Why not let logrotated handle your log rotation, daily if you so 
desire, and call qmailanalog from a postrotate block on maillog.2?

We have a similar setup here, but we're rotating weekly.  There's a 
little perl script that calls qmailanalog and sends its output to a 
dated file (mail-report-mm-dd-ccyy.txt).   About an hour later, another 
script comes along and adds a pointer to the new file to the reports 
index.   It's only been in place for a few weeks, but it seems to be 
working fine.

That actually reminds me of another question I've been thinking 
about.  Now that I have these nifty statistics, I'd like to know how to 
interpret them.   Sure, I know what 'delivery attempts' means, but 
what's a good number for that?   How high is too high when it comes to 
average qtime?  Is there a document somewhere that outlines that?

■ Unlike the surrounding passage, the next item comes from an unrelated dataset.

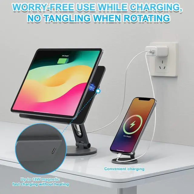 The magnetic iPad stand delivers up to 18W fast charging via USB-C (adapter not included), keeping your iPad Pro powered during work or play. The phone stand supports wired charging, ensuring both your devices stay ready ^^ FULL 360 ADJUSTMENT & PORTABILITY Achieve the perfect viewing angle with a 360 rotating base and 180 tilt adjustment. Ideal for video calls, drawing, or following recipes. The foldable, lightweight design makes ipad pro 12.9 stand and magnetic phone grip effortlessly portable for use between the office, home, or while traveling ^^ DURABLE ALUMINUM & ANTI-SLIP BASE Crafted from premium aerospace-grade aluminum alloy, These 2 stands are built for long-lasting durability.
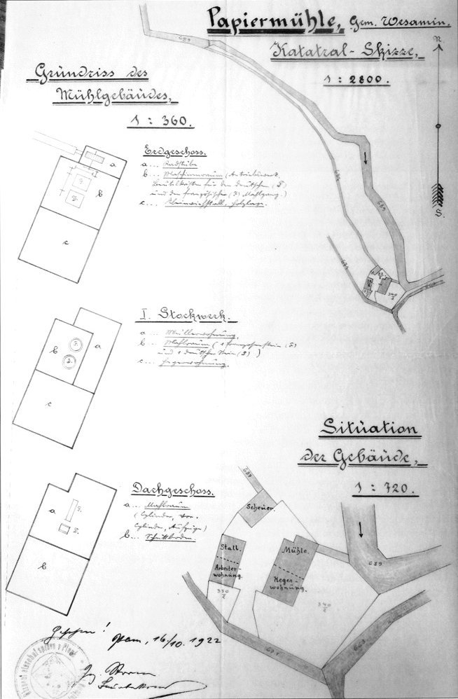 Vodní dílo bylo původní založeno jako papírna, která byla později přestavěna na moučný mlýn.

Perhaps it's not even relevant - after all, the qmailanalog report 
seems to say more about the servers I'm sending to than my server.

cheers,
Todd



At 08:23 PM 6/25/01, Mark Douglas wrote:
>I'm trying to figure out how I should get the stats I want out of 
>qmailanalog, along with some other things I'd like to do. My main 
>issue is, if I wanted to do a daily log rotation, would it be feasible 
>to do the following (using multilog): Set my logfile size to 100MB; at 
>end of day, have a cron job run that copies the "current" file to 
>another, dated file; echo > /var/log/qmail/current to empty out the 
>log file and start fresh. I realize it's not pretty, but the real 
>issue is, would it cause problems?
>
>Thanks,
>
>Mark Douglas - Architecture
>Sympatico-Lycos Inc.
>All your base are belong to us! Make your time!